Юнги смерил его презрительным взглядом и промолчал, игнорируя дальнейший монолог на тему того “Мин Юнги – сука неблагодарная и ему не стыдно”. К концу своей речи мужчина полностью потерял запал, глядя на бетонные стены вокруг. Полгода назад он тут пацана едва не искалечил, а теперь смотрит на неровные рубцы шрамов на его ладонях и испытывает отвращение к самому себе. Он ему тогда прострелил руки, вскипая от ярости. Потому что какая же он, действительно, мразь, даже не попрощался. А теперь он думает, что если бы убил, без него не смог и загнулся бы. Намджун от него с ума сходит медленно и мучительно, умирая, ломаясь, будто спицы ржавые в велосипедном колесе. Впизду всё это, есть только один способ его удержать его.
– У меня от тебя крыша едет, Мин Юнги, – вкрадчивым шёпотом говорит он, как только юноша глаза на него поднимает, – я без тебя сдохну. Ты теперь мне принадлежишь, а я Хосоку пообещал, что пылинки с тебя сдувать буду. Вдруг он мне с того света по макушке настучит.
Парень недружелюбно смотрит на него исподлобья. Раны, оставленные любовью к Хоби ещё свежи слишком. Но Мин задумчиво склоняет голову к плечу, когда мужчина опускается перед ним на корточки. И руками цепляется за его шею, чувствуя на губах поцелуй, а спиной – бетонную стену. Он больше не хочет отталкивать, это не имеет никакого смысла. Настал час пустить всё на самотёк, час, когда страдания обратятся в спокойствие. Когда реверс судьбы на сломанном Юнги сработает, блять. по-нормальному, обратит дерьмо и пиздец в сказку с розовыми блёстками.
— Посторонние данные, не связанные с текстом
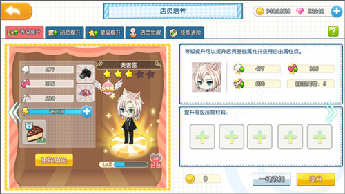 等级提升:提升等级可以用经验书也可以吃其他店员来升级(好残酷的喵星人世界)……可以手动挑选材料也可以交给系统君一键添加。这里要说一下,只有珍贵度在R以下的路人店员也就是N级店员会被一键添加,所以店长们不用担心自己心水的小哥哥会遭遇被吃掉的命运了。

Мин знает, что так всё равно не будет, но слепо надеется на какую-нибудь удачу. Он на сдаётся, просто действует куда более рационально, чем прежде. Пока человек в забвении от твоего тела, им крутить-вертеть можно во все стороны. И он буквально своё тело продаёт за спокойную жизнь. Если Чонгуку удалось так сделать, – вопрос только, так ли он, на самом-то деле, сделал? – то почему его старший брат так не сможет.
– Знаешь, они восстановили твой клан. Не знаю, какая сука эта делает, но на их стороне американцы, которые нам смерти желают не первое поколение.
– Ты не поверишь, но мне пока похуй настолько, что едва ли ноги не подкашиваются, – может, отцепишь меня? Хочу узреть солнечный свет.
Юнги поднимается на первый этаж, выходит во двор и долго стоит, шумно вдыхая уличный прохладный воздух. До начала осени меньше недели, потому ветер медленно становится злым и цепким, воет, пробирается под одежду, заставляя трястись. Юноша ёжится и думает. Много думает. У его матери было больше десятка любовников, и каждый из них мог провернуть такое. Вопрос только в том, кто бы это действительно мог быть?